С типом пространства обычно связаны и соответствующие свойства времени. Так, абстрактное пространство басни сочетается с вневремен­ной сутью конфликта — на все времена: «У сильного всегда бессильный виноват», «...И в сердце льстец всегда отыщет уголок». И наоборот: пространственная конкретика обычно дополняется временной.
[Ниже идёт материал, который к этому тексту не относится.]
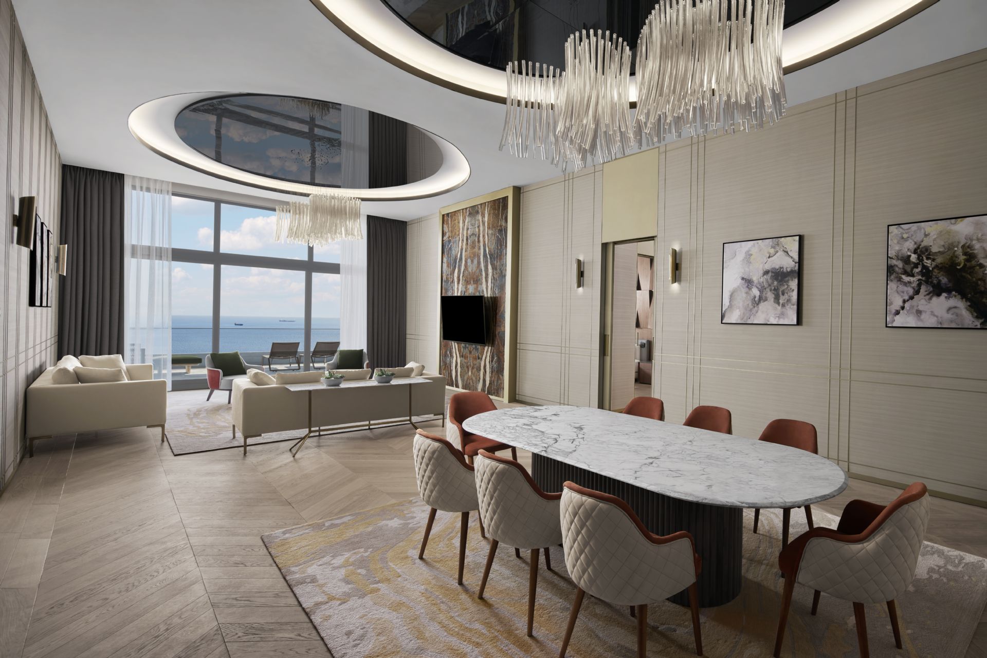 Seapearl projesinin kalbinde hizmet verecek olan otel ve rezidans projesi, konumu ve tüm projede gözetilen yüksek nitelikli rezidans hizmeti anlayışıyla İstanbul ile buluşurken, kentin dinamizmini ivmelendirecek bir anlayışla, tek kütle etkisinin korunduğu iki ayrı bina olarak tasarlanmıştır. Rezidans ve Otel bloklarının yan yana gelişleri İstanbul'un birbirine geçişli boğaz imgesinin ve kentlinin suyla buluşma deneyimlerinin yaşatıldığı bir konsepte sahiptir ve binalar, sükunetli ve güçlü sadelikle kente katılır. Selçuklu motifinin modernize edilmesiyle elde edilen görkemli dantel strüktürün bir araya getirdiği binada giriş aksında ilk adımdan itibaren suyla buluşma sağlanır ve bu etki lobide devam ettirilerek denizle görsel bir bütünlük sağlanır. Görkemli ama sade, lüks ama abartısız bir ele alışla projelendirilen otel ve rezidans üniteleri / odaları %100 oranında deniz manzarasına sahiptir. Geniş ve lüks standart odaların sahip olduğu balkon ve teraslar iç ve dış yaşamın bir arada özenle eritildiği yüksek kalitede mekansal deneyimlere olanak vermektedir.
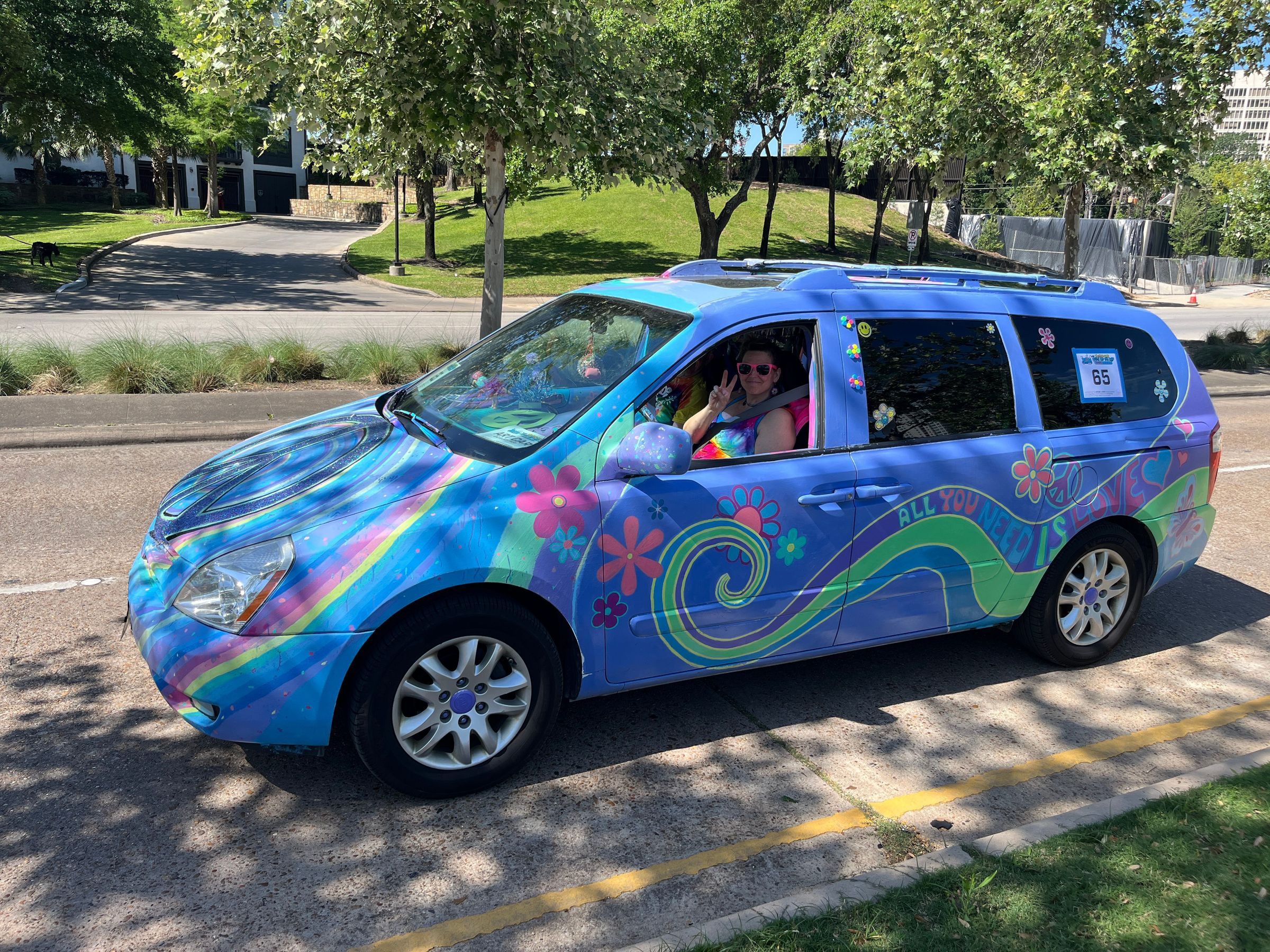 "I always wanted to paint a van. I don’t know why, because I missed the real hippie generation (born in ‘67 to non-hippie parents). This hippievan is the sixth car that I have painted. It is brightly colored with rainbows, flowers, peace, signs, and a tornado swirl in the back. 8-year-old girls LOVE this van! ""All You Need is Love’ is written on the driver side and the words Freedom, Empowerment, Justice, & Peace & Groovy are on the passenger side.

Формами конкретизации художественного времени выступают ча­ще всего, во-первых, «привязка» действия к историческим ориентирам, датам, реалиям и, во-вторых, обозначение циклического времени: время года, суток. Обе формы освоены литературой с давнихпор. В литературе нового времени в связи с формированием историзма мышления, исторического чувства конкретизация стала программным требовани­ем литературных направлений. Эстетика романтизма включала уста­новку на воспроизведение исторического колорита (В. Скотт, В. Гюго). Особое значение категория исторического времени приобрела в эпоху реализма XIX—XX вв., с его тенденцией прослеживать социально- и культурно-исторические истоки характеров, психологии, ситуаций и сюжетов. Но мера конкретности в каждом отдельном случае будет разной и в разной степени акцентированной автором. Например, в «Войне и мире» Л.Н. Толстого, «Жизни Клима Самгина» М. Горького, «Живых и мертвых» К.М. Симонова реальные исторические события непосредственно входят в текст произведения, а время действия опре­деляется с точностью не только до года и месяца, но даже до дня (в романе Симонова описывается 16 октября —наиболее критический день первого года Великой Отечественной войны). А вот в «Герое нашего времени» или «Преступлении и наказании» временные коор­динаты достаточно расплывчаты и угадываются по косвенным призна­кам, но вместе с тем привязка в первом случае к 30-м годам, а во втором — к 60-м достаточно очевидна.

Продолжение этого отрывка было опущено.